« Ce combat contribue à faire avancer tous les autres » – Claire Guiraud

3 déc

GuiraudClaire Guiraud est secrétaire générale du Haut conseil à l’égalité entre les femmes et les hommes, l’instance nationale consultative indépendante chargée des droits des femmes et de l’égalité femmes-hommes. Elle sera membre du jury du concours d’éloquence du 15 décembre.

Le collectif Droits humains pour tou·te·s conduit une action essentielle : promouvoir la suppression de l’expression « droits de l’Homme » de la terminologie officielle des instances et des institutions de la République Française, pour être remplacée par une expression n’excluant pas les femmes. Sur le front des droits des femmes, on pourrait penser qu’il existe des questions plus prioritaires, comme le plafond de verre ou encore la lutte contre les violences. En réalité, tous ces sujets sont interdépendants, et la langue n’est pas un sujet anecdotique. Ce combat contribue à faire avancer tous les autres.

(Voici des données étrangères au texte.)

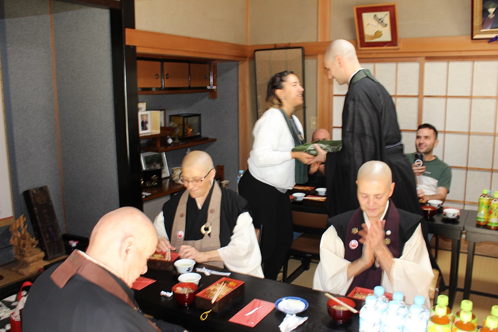 客殿では、5年前に永隣寺に来たことのあるアレッサンドロ秀一さんへ婚約者のエリザベッタさんから手縫いの袈裟がプレゼントされ、皆から祝福の拍手を受けていました。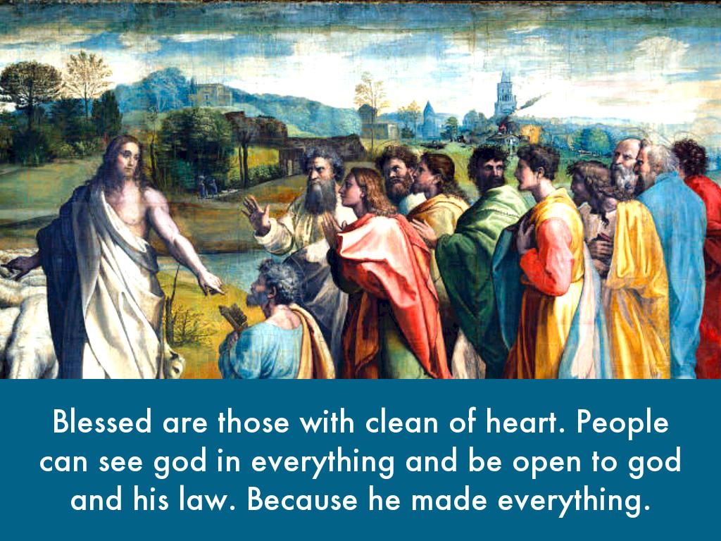 Blessed are those with clean of heart. People can see god in everything and be open to god and his law. Because he made everything.

La langue rend visible l’état des relations entre les sexes

Car interroger la place des femmes et des hommes dans la langue, c’est interroger les relations entre les femmes et les hommes dans la société. En effet, le masculin ne l’a pas toujours emporté sur le féminin et jusqu’au Moyen-âge, les noms de métiers et de fonctions existaient aussi bien au féminin qu’au masculin. C’est la volonté de grammairiens et d’académiciens qui a causé ce recul, sous prétexte que le genre masculin est plus « noble ». On remarque d’ailleurs que l’accord au féminin est moins accepté lorsqu’il s’agit de fonctions perçues comme prestigieuses : « préfète », « directrice », « cheffe ». Alors que « cuisinière », « ouvrière », « pâtissière » n’a jamais fait hausser le moindre sourcil ! C’est bien qu’il y a en jeu autre chose qu’une question de convention grammaticale. La langue rend visible l’état des relations entre les sexes, elle dit nos valeurs, ce que nous sommes et ce que nous voulons être. Une langue qui rend invisible les femmes est la traduction d’une société où les femmes sont secondaires.

Le mot « homme » dans la Déclaration des droits de l’homme et du citoyen française a longtemps servi à écarter juridiquement les femmes du droit de vote

Dans la société d’égalité que nous souhaitons, il n’y a pas de place pour l’exclusion des femmes, ni à l’Assemblée nationale, ni des cafés, ni des textes fondamentaux de notre République. Rendre visibles les femmes dans la langue, c’est tout l’enjeu du Guide pour une communication sans stéréotype du Haut Conseil à l’Egalité entre les femmes et les hommes, qui rappelle que « le mot « homme » dans la Déclaration des droits de l’homme et du citoyen française a longtemps servi à écarter juridiquement les femmes du droit de vote. Les rédacteurs de la Déclaration onusienne de 1949 voulaient mentionner « Rights of Man » et ce fut la seule femme présente, Eleanor Roosevelt, qui se battit pour qu’ils adoptent «Human Rights », afin de couvrir les droits des femmes. Expression que la France traduit à tort par « Droits de l’homme », contrairement au Québec francophone par exemple qui écrit « Droits de la personne humaine ».

HCE_Baniere_haut copieDans son Guide, le Haut Conseil soutient pleinement l’action du Collectif Droits humains pour tou·te·s et c’est le sens de sa participation au Jury du concours d’éloquence.